Она прекрасно выглядела. В обрамлении этого серого с золотом дня, со своими белокурыми волосами и серым платьем, она как будто сошла с полотен Сислея. Она не узнала его, но и она тоже изменилась. «К лучшему, — подумал он, — кажется тоньше, стройнее, красивые глаза стали больше«. Прическа была другой; ни украшений, ни косметики, и так гораздо лучше, — с его точки зрения. Люсьена тоже любовалась солнцем над танцующими водами, но в глазах ее не было блеска, и вид у нее был мрачный. Все же она приняла от него сигарету, и что-то теплое появилось в изгибе ее широкого рта.
— Первая за неделю. Хорошо!
— Бросили курить?
— Нет, экономила. Покупаю одну пачку на уик-энды. Я ведь теперь бедная, знаете ли.

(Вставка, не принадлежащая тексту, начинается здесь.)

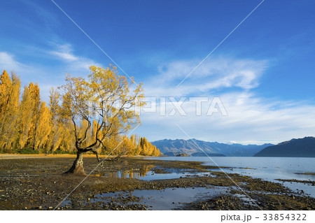 ニュージーランド 秋のオタゴ地方のワナカ湖の湖畔の紅葉で黄色に染まった木々

— И вас это очень беспокоит?
— Конечно. И дело даже не в бедности, к ней привыкаешь. Но отсутствие денег делает человека рабом, — это меня беспокоит. Вся моя жизнь состоит из сплошного притворства, потому что мне хватает только на прожитие. О вещах я не думаю, но я мечтаю иметь пять тысяч в год и быть свободной. — Она оперлась подбородком о крепкую руку и серьезно взглянула на него. — Можете вы это понять, или вы такой же, как все эти крестьяне, которые могут обладать миллионами и все-таки оставаться рабами?
— Да, могу это понять.
— Но я не собираюсь так продолжать.
Эти слова вызвали в нем какое-то странное чувство родства с нею. Чем-то они были похожи друг на друга; пожалуй, она могла бы сойти за его маленькую сестренку. И в ее возрасте он думал точно так же, разве нет?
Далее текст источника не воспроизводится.